OK, so I totally feel like this blog is bi-polar lately. Sad, weird, sad, weird, sad wierd. Whatever. That’s how I roll right now.
So yesterday I was getting ready to tour a property for some friends of ours, when my cell phone rang. It was a number I didn’t recognize, and Joey told me I’d better go take it. I answered the phone and discovered it was a lady from church, a lady I had never seen before in the course of my life as she goes to first service.
“I have a rather odd request for you,” she said.
“OK,” I said.
“My daughter is getting married in December, and I wondered if you’d be willing to sing for it. My daughter decided she didn’t like the last person I picked. Said she had too much vibrato, but she was such a nice singer, she was classically trained Opera.”
Now that’s what I call pressure…what if she doesn’t like ME! I am certainly not Opera trained (or any kind of trained, really) but the thought of her daughter, who lives in Colorado, listening to a poorly made CD (or – horrors – a CASSETTE TAPE!) and giving the thumbs up or thumbs down gives me the jibblies.
“Uhhh…” I paused, “What does she want me to sing?”

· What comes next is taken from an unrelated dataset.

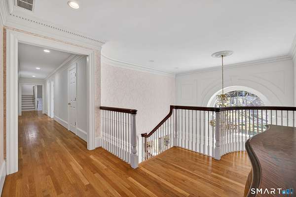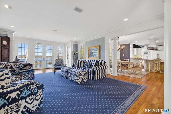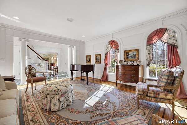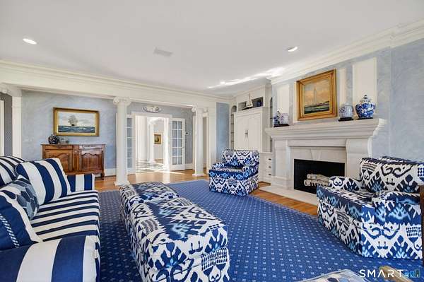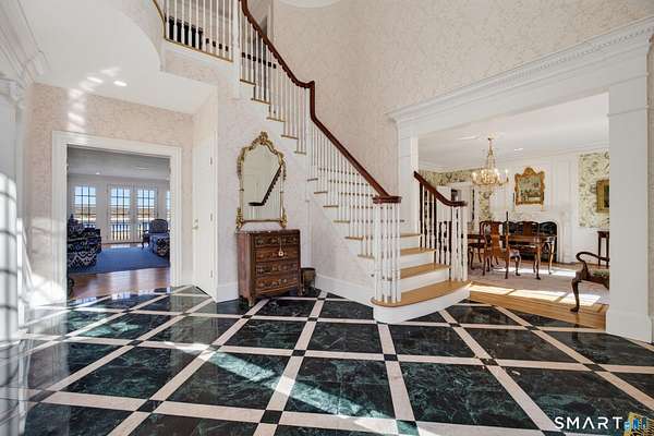 Riverside Elegance Meets Neoclassical Grandeur: Experience the pinnacle of waterfront living in this breathtaking Grecian Colonial estate, perfectly situated on 3.43 pristine acres overlooking the majestic Connecticut River. Spanning an impressive 5,739 square feet, this residence combines timeless architectural sophistication with the serene beauty of nature. Leave the world behind as you travel up the winding driveway that sets this home back from the road for ultimate privacy. The exterior is a master class in curb appeal, featuring a three-car garage and a porte cochere, all framed by lush landscaping and your own private pond. Step through the front door into a soaring cathedral ceiling foyer. As the heart of the home, this space is open to the floor above and finished with exquisite marble flooring, offering a regal welcome to guests. The floor plan is defined by wide-open spaces that flow seamlessly from one room to the next, making it as ideal for grand-scale entertaining as it is for quiet relaxation. With six spacious bedrooms, there is ample room for family, guests, or a dedicated home office suite. Embrace the river breeze from your choice of outdoor vantage points: This isn't just a home; it's a lifestyle. Whether you are watching the seasons change over the Connecticut River or enjoying the tranquil reflections on your private pond, this estate offers a rare blend of scale, light, and location.

“Well, she wants someone to sing acapella. It will be a formal evening wedding,” the lady said.
Acapella.
Nice.
For a formal evening wedding.
“I can sing acapella…” I said hesitantly, wondering if this whole thing wasn’t spiraling down the path of no return and that I just was going to get my feelings hurt when her daughter gave me the heave-ho.
“Have you ever heard me sing?” I asked.
“No,” said the lady. “But you were highly recommended. Now what do you charge?”
This is the part of the conversation where I actually burst out laughing. And very loud laughing, too. I have never in my entire life charged anything for any of the weddings I’ve sung in, and I told the lady as much.
“We can work that out later,” she said.
I finally ended the call by mentioning to the lady that I’m singing on Sunday, so she can come give me a test run in the worship service to see if it’s worth bothering her daughter to listen to another CD/tape of someone her mother has selected.
Now I’m going to be so nervous on Sunday, so my voice will probably crack and go flat and I’ll sing the wrong songs. This is lame and weird and cracks me up, all at the same time.
When I related the utter strangeness of the phone call to Joey, he laughed and laughed, poked me in the ribs and called me the wedding singer.
However, if she does wind up paying me, he won’t laugh anymore.